Heavy-chain-only antibodies have a single variable domain (VHH) attached to one constant domain, making them attractive to drug developers. “The cost of goods is lower because manufacturers only need to knock-in one protein to the production cell line,”
McDonnell explains. “They are smaller proteins, as well, so they can be easier to stabilize and purify.” Using whole, human-derived heavy-chain-only antibodies could confer additional benefits in terms of safety and efficacy. “Only four VHH-like molecules have reached the market,” McDonnell notes. “So, it’s an emerging modality.”
After the antibodies are sequenced, Infinimmune’s Anthrobody drug discovery platform enables the company to identify related antibody lineages and predict the target specificity for many antigens in parallel. Results specify where the antibody came from, the number of cells that produce that antibody or one closely related to it, and the target specificity of the antibody. With that data, developers can screen drug products that are part of the immune response to a given target.
“By starting with products that human B cells have edited in vivo, you are starting with a protein that [nature] has tested for cell expression inside mammalian cells,” McDonnell says. “So, unless an antibody is inherently expressible by a human mammalian cell, we won’t see it in our platform. We get survivorship bias of the best kind. The biology is doing the work for us.”
To do more, faster
Infinimmune was founded by scientists who “saw opportunities to apply advanced technology directly to antibody drug discovery,” McDonnell says. One of these opportunities came from research McDonnell conducted at Vanderbilt University on the human adaptive immune repertoire.

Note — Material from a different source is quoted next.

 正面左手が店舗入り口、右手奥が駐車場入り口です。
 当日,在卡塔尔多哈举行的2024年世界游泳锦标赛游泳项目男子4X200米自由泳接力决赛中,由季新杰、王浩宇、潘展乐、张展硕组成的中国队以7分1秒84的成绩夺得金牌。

They published a paper reporting that they had observed a new property of antibodies called light chain coherence (Jaffe et al. Nature 2022; 611: 352–357). This property, they suggested, could be explained by sequence space constraints for light chains. They added that “antibody designers would be wise to actively look for optimal light chains used widely in nature, rather than focusing on the heavy chain alone.”

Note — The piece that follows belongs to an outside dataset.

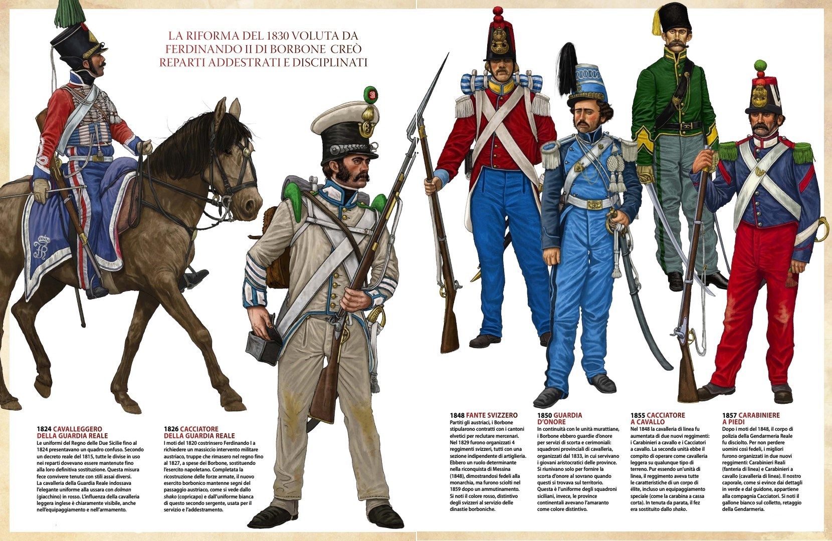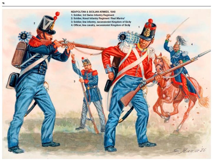 >"«Посудите сами, — говорил один недовольный офицер из неаполитанцев, — при Франческе у нас было несколько форм, четырех разных цветов панталоны, считая белые летние, а теперь как нас одели? Стыдно ходить по улице, служба потеряла весь престиж».
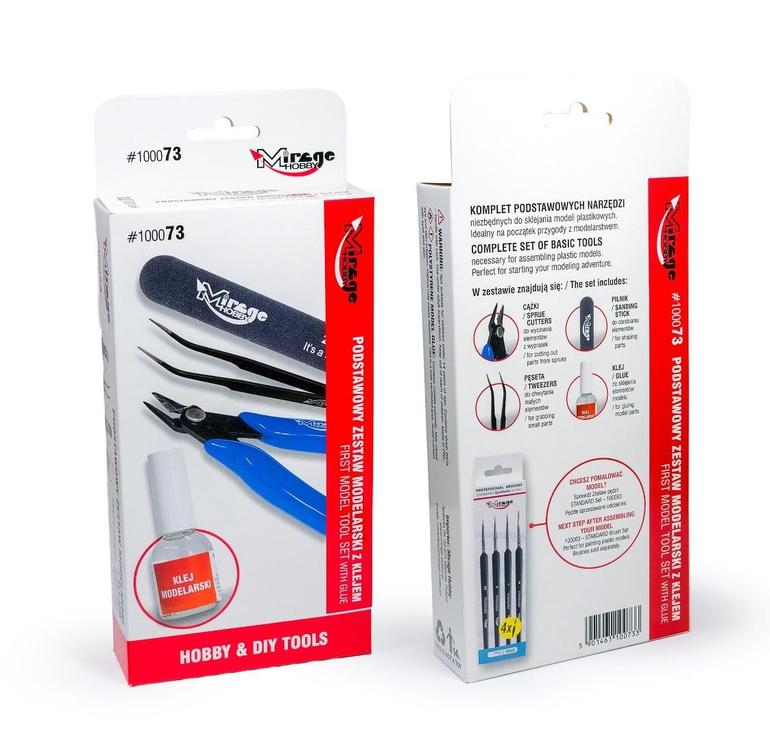 Mirage Hobby Podstawowy zestaw modelarski z klejem (nr kat. 100073) to kompletny pakiet narzędzi niezbędnych do rozpoczęcia przygody z modelarstwem plastikowym. Zestaw został przygotowany z myślą o osobach początkujących, ale sprawdzi się również jako wygodny zestaw startowy dla każdego, kto chce mieć pod ręką najważniejsze akcesoria do budowy modeli. W jednym opakowaniu znajdują się narzędzia potrzebne do wycinania części z ramek, ich obróbki oraz trwałego sklejania w gotowy model. W skład zestawu wchodzą: Cążki modelarskie (sprue cutters) - Precyzyjne narzędzie do wycinania części z ramek. Ostre ostrza pozwalają na czyste, kontrolowane cięcie bez uszkadzania detali. Pęseta modelarska (tweezers) - Niezastąpiona przy pracy z małymi elementami. Ułatwia chwytanie i precyzyjne ustawianie drobnych części modelu. Pilnik / patyczek ścierny (sanding stick) - Służy do wygładzania miejsc po wycięciu elementów oraz dopasowywania części przed klejeniem. Klej modelarski - Przeznaczony do sklejania plastikowych elementów modeli. Zapewnia trwałe i mocne połączenia. Zestaw nr 100073 od Mirage Hobby to idealny wybór dla osób rozpoczynających hobby, młodszych modelarzy pracujących pod nadzorem dorosłych, a także jako praktyczny prezent dla miłośnika modeli plastikowych.

By the time the paper appeared, Infinimmune had launched. Although industry funding was scarce, Infinimmune closed a $12 million seed round in three months.
Infinimmune looks forward to forming more partnerships, including partnerships with AI companies and pharma companies. Infinimmune is also focused on building and selecting its own lead candidates for end-to-end development and commercialization. “For antibody companies like ours,” McDonnell declares, “that’s table stakes.”